Upanishads are Pramana for knowing the Self. Pramana means that which is the means of knowledge. Upanishads are unanimously accepted by all the different sects of Hinduism as the 'means of knowledge' for the knowledge of Self, just as direct perception is the means of knowledge to know the forms & colors of the things outside. Having known color etc. of an object directly with our own eyes we never require any other means to substantiate this knowledge. That is what is meant by pramana. The Self which is the very knower behind all knowledge is not available to be known by any other means of knowledge. It is not an object of perception and therefore Pratyaksha Pramana (Direct Perception) is not applicable and so also any other pramana which depend on direct perception in some way or the other. Upanishads are sabda-pramana and are independently capable of revealing the Self when expounded by a competent teacher to a competent student. One should do the sravana of Upanishads, which means that the real vision & message of Upanishads should be discerned with the help of a teacher. Unlike the Karma-kanda of Vedas the Upanishads do not have any do's or don'ts, they are just revelatory in nature. They reveal the truth, which is an end in itself. Being pramana they are looked upon as definite as the principles of science. There is nothing more higher than the Upanishadic reference on something. This is taken with greatest reverence.
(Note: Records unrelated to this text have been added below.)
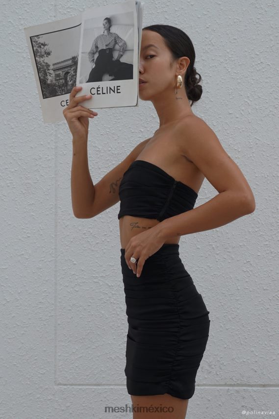 de cerca con lola. Es minimalista pero elevada, muy versátil y le encantan las reuniones sociales. Con un diseño sin tirantes y fruncido en todas partes, Lola se ajusta a su forma y te acompañará de am a pm con facilidad. Está diseñada para combinarla con tus pantalones favoritos o combinarla con nuestra minifalda fruncida Lola. Completa el look con joyas para tu próxima ocasión.
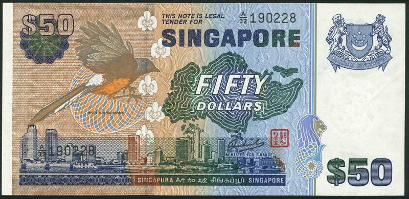 Board of Commissioners of Currency, Singapore, $1, ND (1976-), prefix B/92, blue and pink, Black-Naped Tern at left, $5, ND (1976), prefix A/14, green and yellow, Red Whiskered Bulbul at left and $10, ND (1976), red, White-Collared Kingfisher at left, $20, ND (1979), prefix A/4, yellow, Yellow-Breasted Sunbird at left, $50, ND (1976), prefix A/32, blue, White-Rumped Shama at left, all arms top right and signature of Hon Sui Sen and red seal low right centre
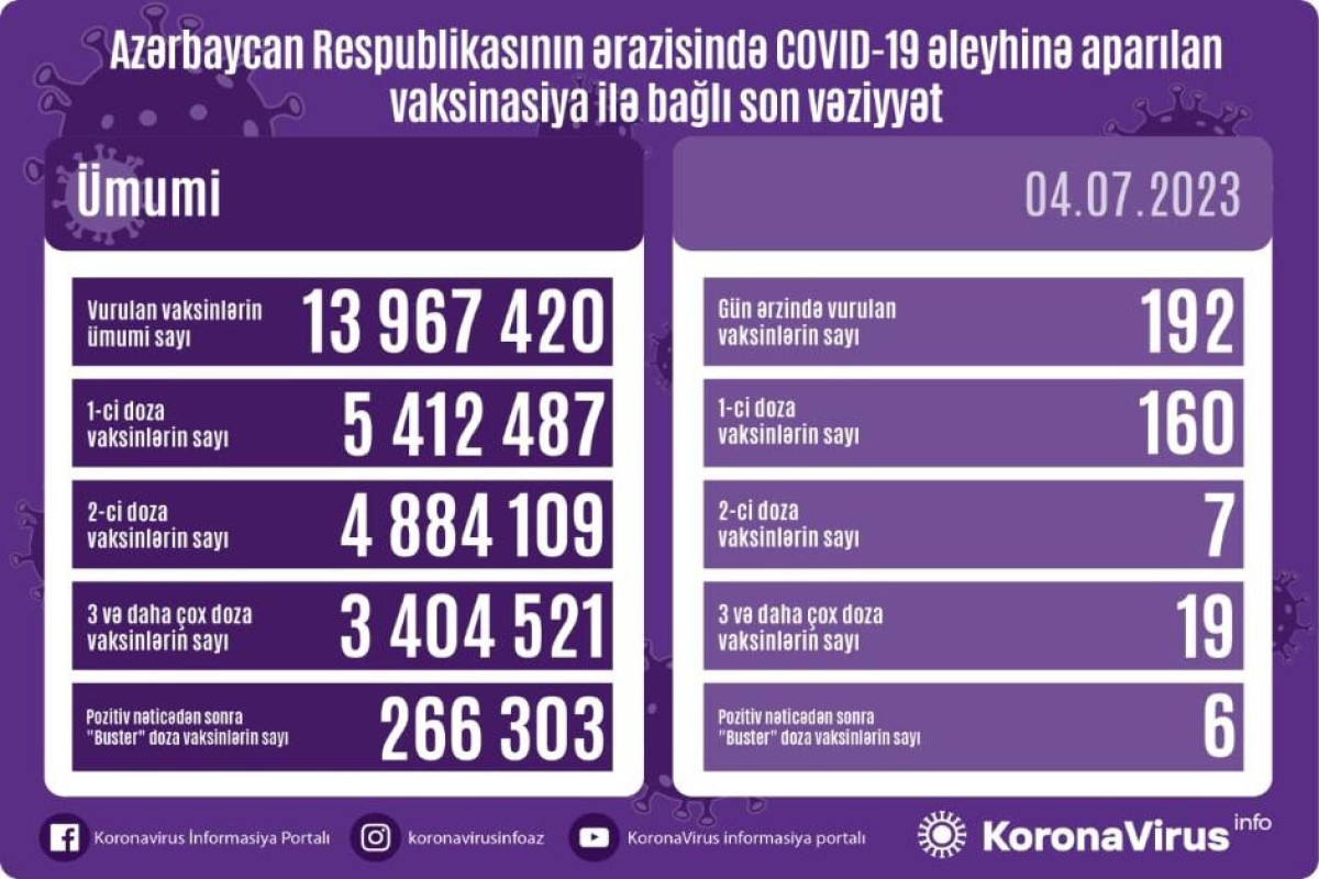Azərbaycanda son sutkada koronavirus (COVID-19) əleyhinə 192 vaksin vurulub. Bir gündə birinci mərhələ üzrə vaksinasiya olunanların sayı 160, ikinci mərhələ üzrə vaksinasiya olunanların sayı 7, üç və daha çox doza vaksin vurduranların sayı 19, pozitiv nəticədən sonra buster doza üzrə vaksinasiya olunanların sayı isə 6 nəfərdir.

The word Upanishad is formed from the root 'sad' with prefixes upa and ni. There are three meanings of the root, to loosen, to lead somewhere and to destroy. Upanishad represents that knowledge which loosens something pertaining to the self (something very near), it loosens our various misapprehensions regarding ourselves, and finally it leads us to the direct knowledge of the truth of ourself. Basically Upanishad means knowledge and not a class of literature or text. The word is used for texts only in a secondary way. Taking secondarily it to be a class of text, then we have various Upanishads. All of them are equally respectful, but today some of them are referred to as the major Upanishad and some are called the minor ones. The reason for this is simply that on some Upanishads we have very beautiful commentaries by our great Acharyas. Because of this it is easy to get proper insights into the vision of Upanishads, and thus they are preferred to be studied first. That is the only reason why they are referred to as major Upanishads. The Upanishads on which Sri Adi Sankara has written his bhashyas are Isa, Katha, Kena, Aitreya, Taittreya, Mundaka, Mandukya, Prasna, Chandogya and Brihadaranyaka. The division of these major Upanishads in the Four Vedas is as follows :
Rig Veda - Aitreya
Sama Veda - Kena and Chandogya
Yajur Veda - Isa, Katha, Taittreya and Brihadaranyaka
Atharva Veda - Prasna, Mundaka and Mandukya
These ten upanishads become a 'must-study ' for all those who want to discern the real purport of Upanishads. It is needless to say that these Upanishads should always be studied along with their commentaries (bhashyas) and that also through a competent teacher alone.